The Advanced Photon Source
a U.S. Department of Energy Office of Science User Facility

Proteins of a Feather Come Together to Create Color

Biologists would like to understand how and why birds are brightly colored. Some materials scientists, meanwhile, look to nature to find better ways to recreate such colors. A study conducted using the U.S. Department of Energy’s Advanced Photon Source (APS) and published in the journal Proceedings of the National Academy of Sciences of the United States of America points to possible answers to both those questions. This discovery represents the first directly self-assembled single gyroid crystals known to science. The researchers say the results are not only unexpected, but also happen to be highly relevant to current challenges in the engineering of complex nanostructures for advanced applications, potentially opening new photonic technologies.

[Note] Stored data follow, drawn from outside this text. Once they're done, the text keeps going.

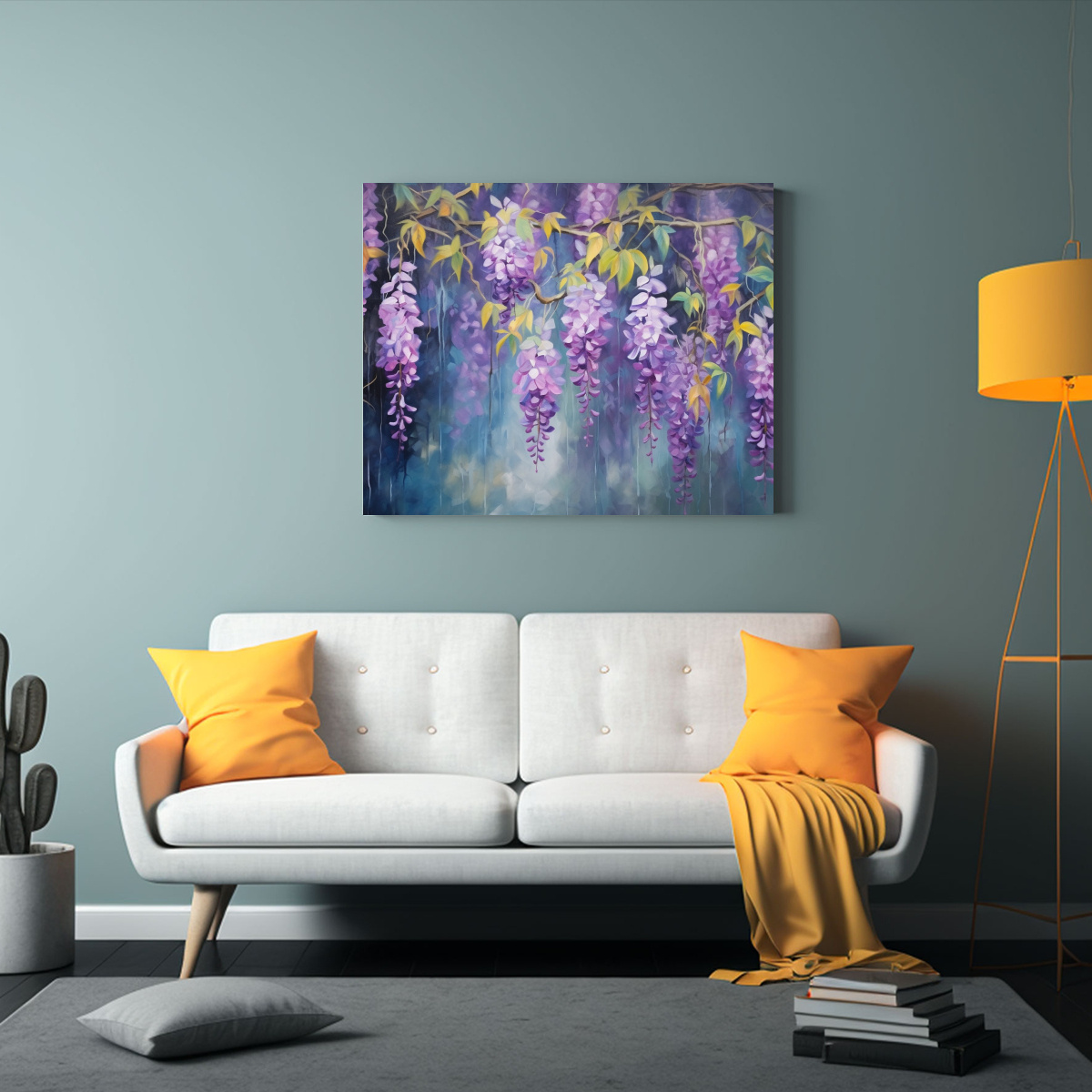 Este cuadro abstracto de wisteria en estilo Estilo óleo quedaría perfecto en el salón, creando un ambiente elegante y sofisticado Combínalo con muebles en tonos neutros para resaltar su belleza y darle un toque de modernidad a tu hogar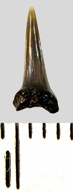 Зуб (фрагмент). Акула. Eostriatolamia subulata (Agassiz, 1843). Классификация: Хордовые Chordata, Позвоночные Vertebrata, Хрящевые рыбы Chondrichthyes, Пластиножаберные Elasmobranchii, Акулы Selachii, Ламнообразные Lamniformes, Песчаные акулы Odontaspididae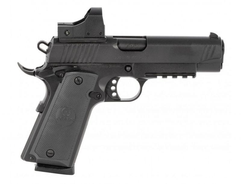 Girsan MC1911C Features The Girsan MC1911C, form EAA, is a budget friendly 1911 that packs all of the features that high end 1911’s carry. This model features novak style rear sights, ambidextrous safety, extended beavertail, deep slide serrations, 5 MOA optic, and a crisp 3.5-4 lb trigger pull. Girsan MC1911C Specifications Caliber: 45 ACP Model: Girsan Series: MC1911C Frame Finish: Black Action: SAO Barrel Length Range: 4″ to 4.99″ Slide Description: Black Steel Capacity: 8+1 Frame Material: Steel Grips: Black Checkered Polymer Hand: Right OAL: 8″ Safety: Ambidextrous Sight Configuration: Novak 3-Dot Sight Style: Contrast Weight: 2.35 lbs Barrel Length: 4.40″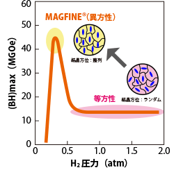 NdFeB合金と水素との吸脫反応の速度をある臨界速度に制御すると結(jié)晶粒の微細(xì)化と異方化が同時(shí)に実現(xiàn)され、すぐれた磁粉を得ることができます。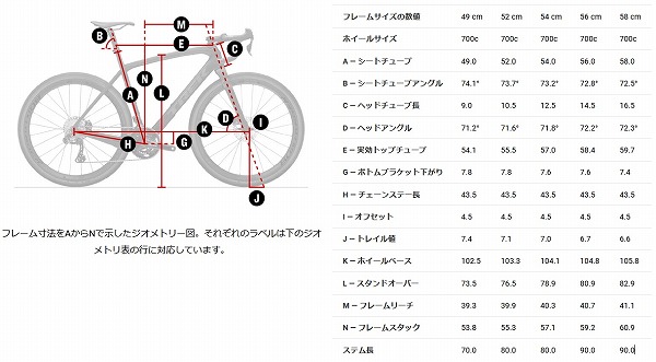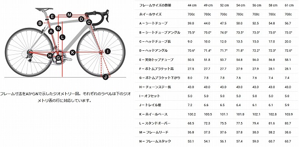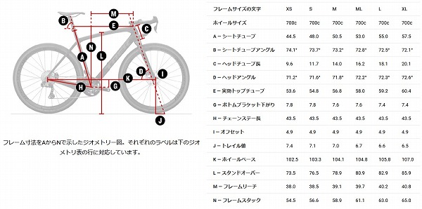 寸法表を見てみましょう。前作と比べると、走りに影響する設計数値に大きな変化はありません。強いて言えば、ヘッドチューブ長(=どのくらいハンドルを高く出来るか/低く出来るか)が長くなったことでしょうか?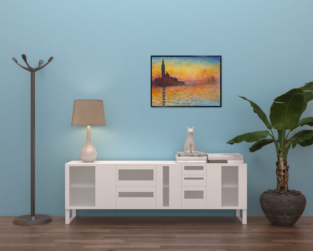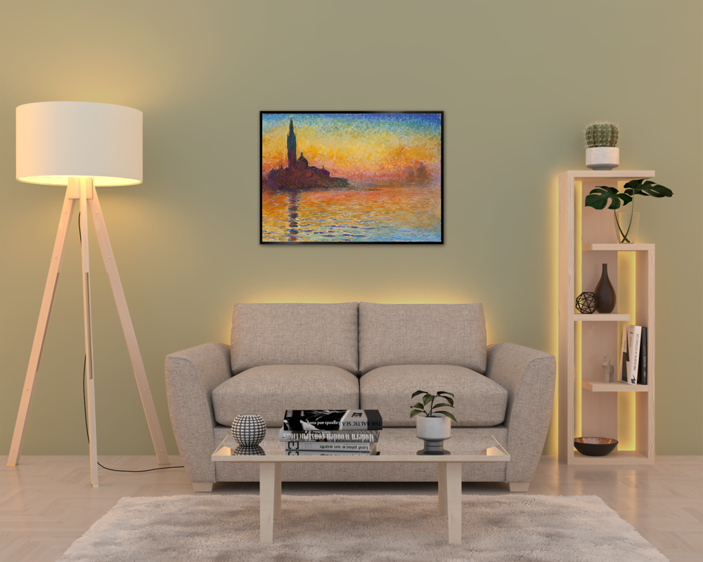 붉은색과 노란색, 푸른색이 섞인 그림은 일몰 때만 느낄 수 있는 신비로움을 잘 표현하고 있습니다. 부드러운 붓터치에서는 차분하면서도 열정이 느껴집니다. 이제 내 방에서도 아름다운 일몰을 느껴보세요.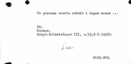 //// Ur gruvans svarta schakt i dagen manad . •. Sm. //// Kalmar, //// Iskpt.Soldatsånger III, s.53,E.U.24220. //// NORD.MUS. ////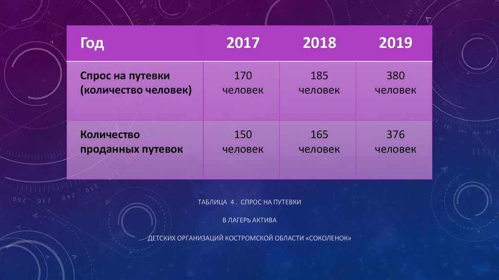 ТАБЛИЦА 4 . СПРОС НА ПУТЕВКИ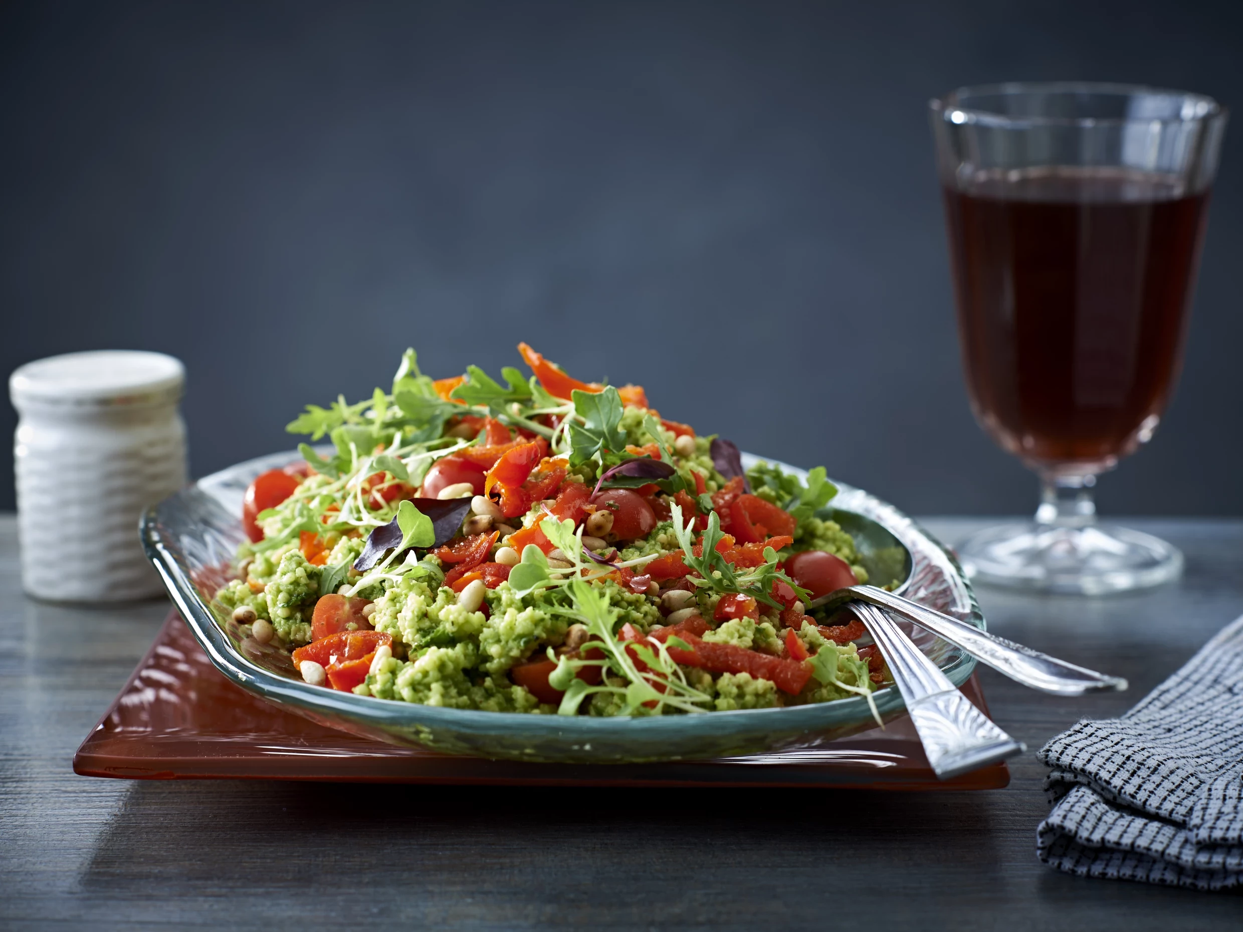 - Add the baby marrow, green beans, PEPPADEW® Mild Piquanté Peppers Chopped, pine nuts, red onion garlic and lemon juice, and mix well.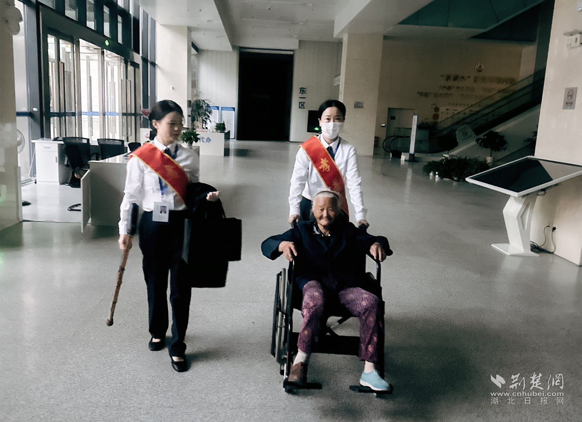 因臨近下班時(shí)間,“孝著辦”工作人員了解情況后,主動(dòng)上前熱情接待并開啟延時(shí)服務(wù),為老人提供輪椅,全程陪同老人辦理相關(guān)業(yè)務(wù)。在辦理完法律援助咨詢業(yè)務(wù)后,考慮到老人行動(dòng)不便,“孝著辦”導(dǎo)服人員全程陪同老人安全乘車。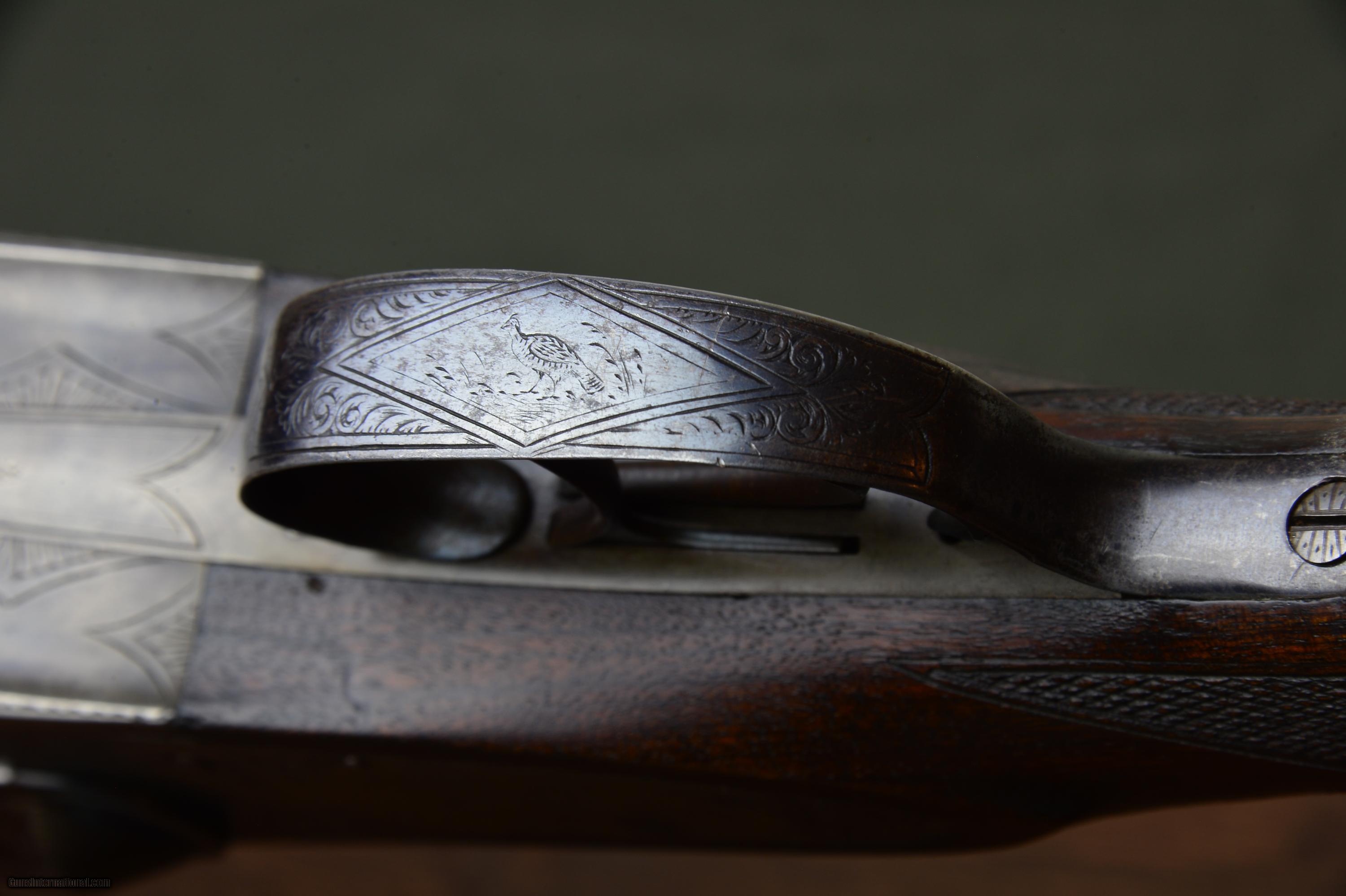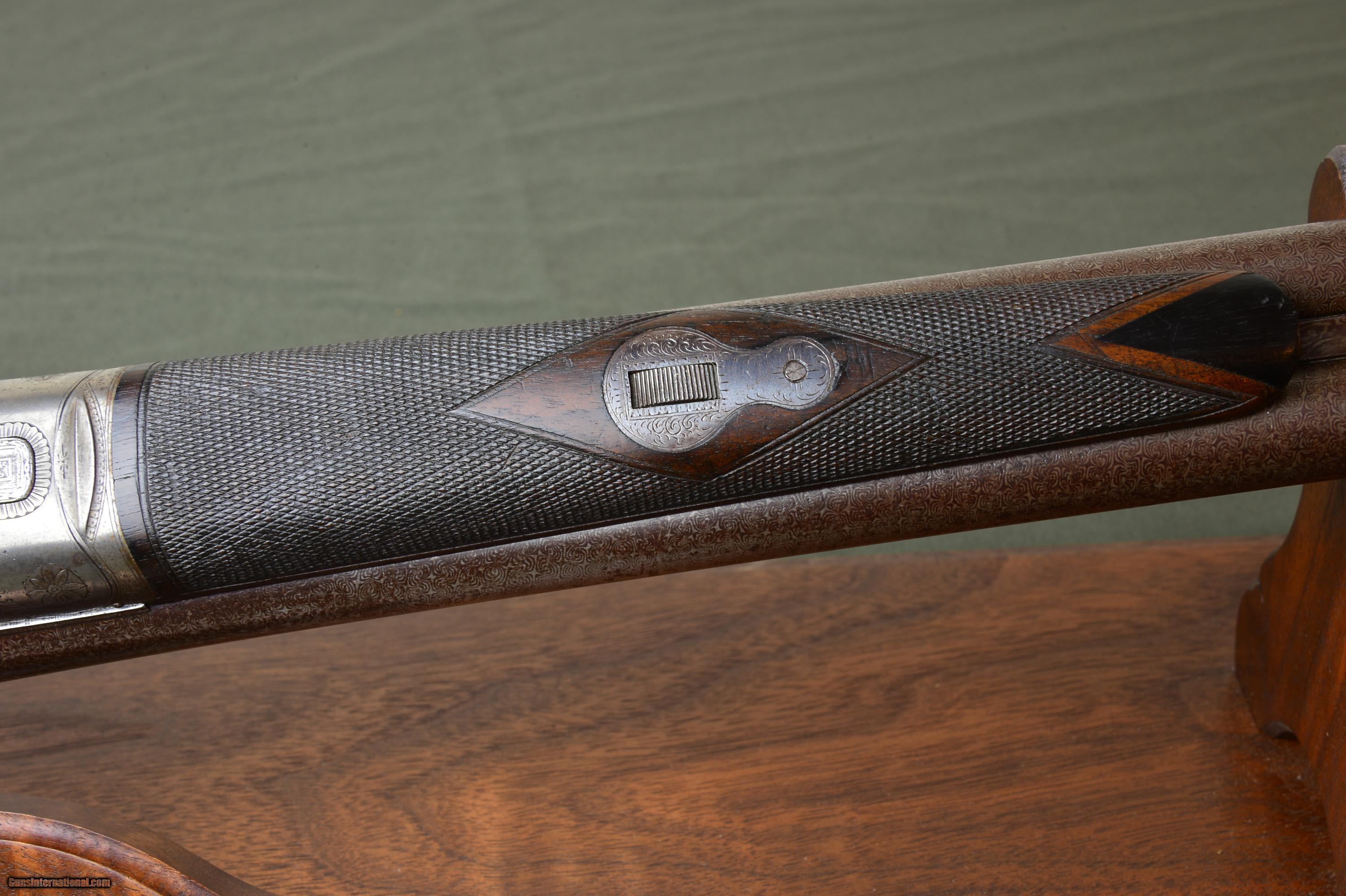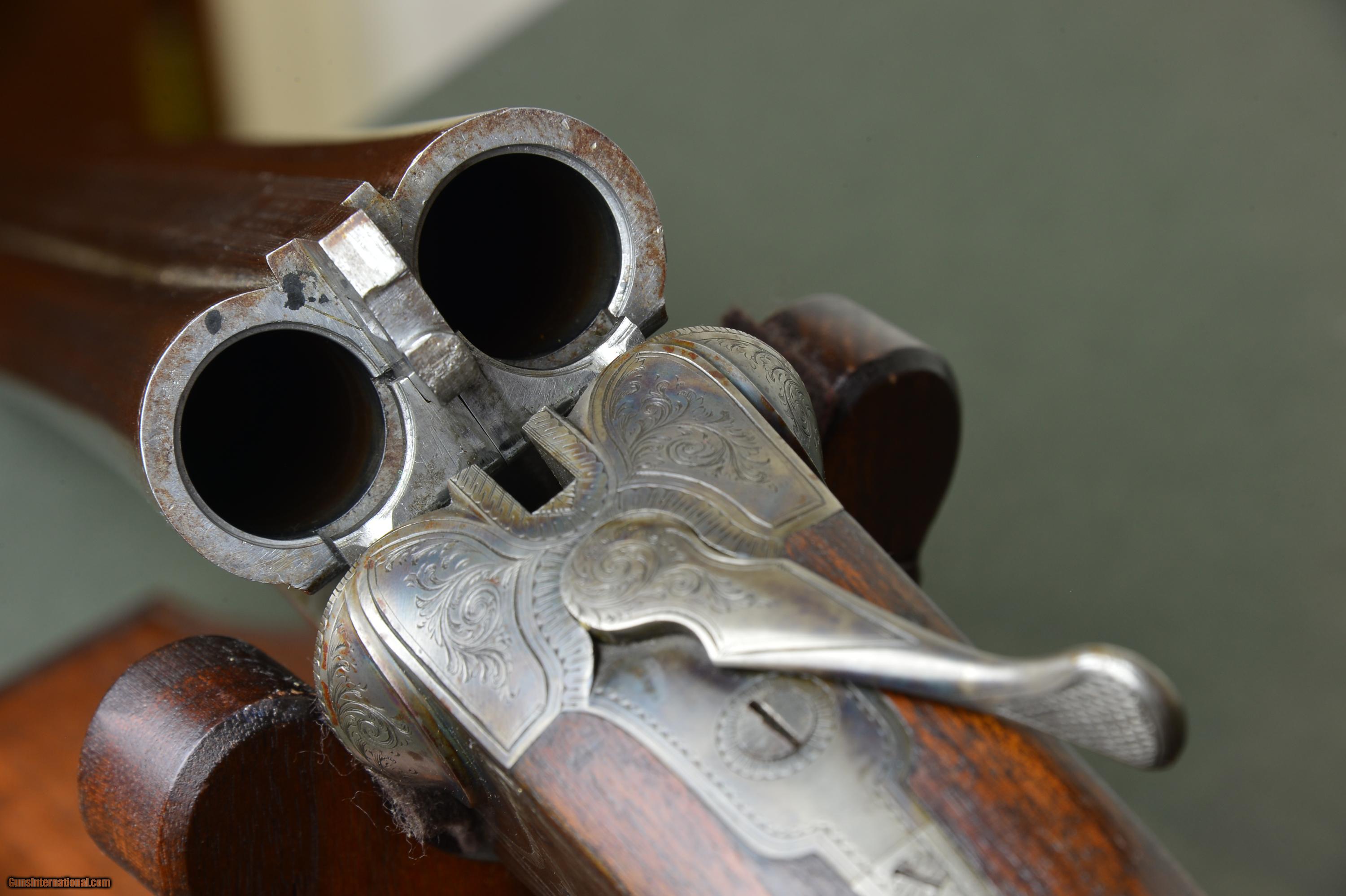 Description: *** SOLD *** SPECIAL SALE - REDUCED BY $1,000 *** Only 572 L. C. Smith A-1 Automatic Ejectors in 12 gauge were made. What a beautiful gun this is with engravings of dogs on the sideplates and a gamebird on the trigger guard. Some original case coloring is visible and the chain pattern Damascus barrels are highly figured. Serial number is 680. Weight is 7lb 5 oz. The barrels are marked A1 on the lower rib near the forearm lug. *** The beautifully figured English walnut stock has a pistol grip and the forearm has an ebony tip. The checkering is fine and crisp. The Length of Pull is 14-7/8” to a plastic butt plate. There is a professionally repaired crack on the lower right horn. *** The 26” Damascus barrels are topped by a raised solid rib and have automatic ejectors. The right barrel is bored 0.732 with a constriction of 0.06 for Skeet choke. The left barrel is bored 0.730 and has a constriction of 0.011 for Improved Cylinder choke. The bores are shiny and bright - really good condition. *** What a great gun for upland hunting for quail, grouse, and woodcock. This is your chance to own a beautiful American classic. Not many made. *** I am an FFL and will need a signed copy of your dealer’s FFL license. Not for sale where prohibited by state or local laws. Buyer is responsible for all shipping, insurance, and any other related charges. I give a 3-day non-firing inspection period and will only accept returns at buyer’s expense if the gun is not as described in the listing. SOLD |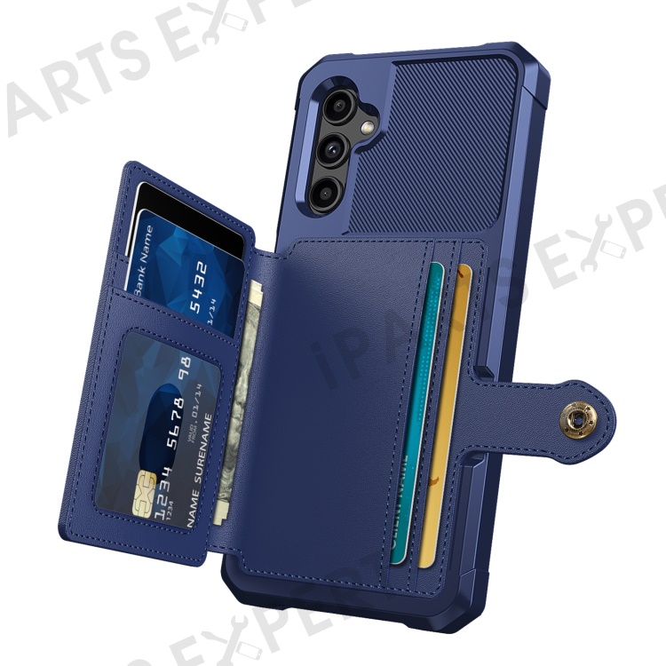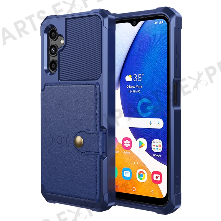 ZM03 for Samsung Galaxy A14 5G / A14 4G Fall Protection PU Leather Coated TPU Case Card Holder Kickstand Phone Cover with Magnetic Metal Sheet - Blue

The bird in this case is the blue-winged leafbird (Chloropsis cochinchinensis), a brightly colored species found only in Asia. Like many animals, the color comes not from pigments, but from an ordered crystal structure in the leafbird’s feathers, which is quite unusual for birds. These photonic crystals, consisting of the structural protein beta-keratin and air, are arranged in a shape known as a single gyroid and of a size scale—roughly 300 nm—that they interact with wavelengths of visible and ultraviolet light. The interfaces between air and protein form a repeating series of changes in refractive index, leading to the feathers’ colors.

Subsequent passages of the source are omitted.